Organic semiconductors have received considerable attention for application in photovoltaic cells due to their compatibility with high-throughput processing techniques and lightweight, flexible substrates. Optical absorption in an organic semiconductor leads to the formation of tightly bound molecular excited states known as excitons. Consequently, the generation of photocurrent in an organic photovoltaic cell (OPV) requires that the exciton be dissociated into its component charge carriers. This is most often accomplished using a heterojunction between electron donating and accepting materials. In this scheme, photocurrent generation occurs only at the donor-acceptor (D-A) interface, and exciton diffusion to the interface is a critical step in the photoconversion process. Most organic semiconductors are characterized by exciton diffusion lengths that are considerably smaller than the optical absorption length. In an OPV, this trade-off between diffusion and absorption often necessitates the use of thin active layers to maximize exciton harvesting.

 

The focus of this talk will be on developing approaches that permit the accurate measurement of the exciton diffusion length, and realizing new device architectures that demonstrate enhanced exciton harvesting.
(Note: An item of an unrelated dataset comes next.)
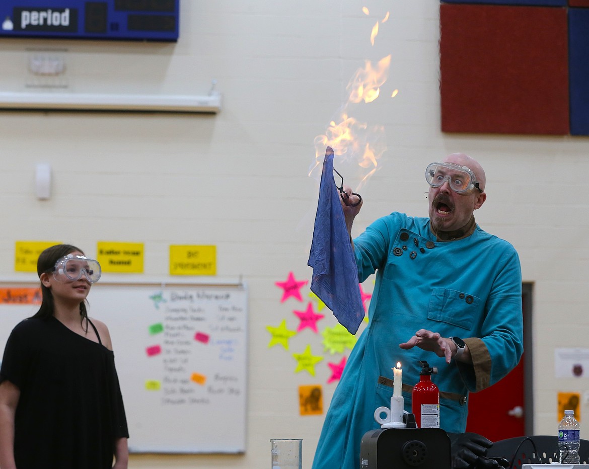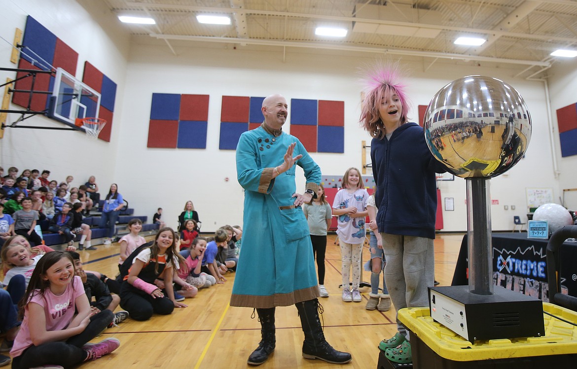 Fourth grader Kellin Dunnagan Latuseck participates in an experiment Thursday afternoon during an Extreme Science assembly with science wizard David Hagerman at Bryan Elementary.ARTICLES BY DEVIN WEEKS

In measuring the exciton diffusion length, emphasis is placed on quantifying the role of D-A excitonic energy transfer in the dissociation process. Many of the techniques currently used to estimate the exciton diffusion length incorrectly ignore these effects leading to overestimates. Here, work to overcome the short diffusion length is focused on cells that rely on the use of a continuously graded D-A film composition as a means to simultaneously optimize both exciton diffusion and charge collection. In a properly optimized graded heterojunction OPV, power conversion efficiencies >4% can be realized, exceeding the performance of conventional planar and uniformly mixed structures.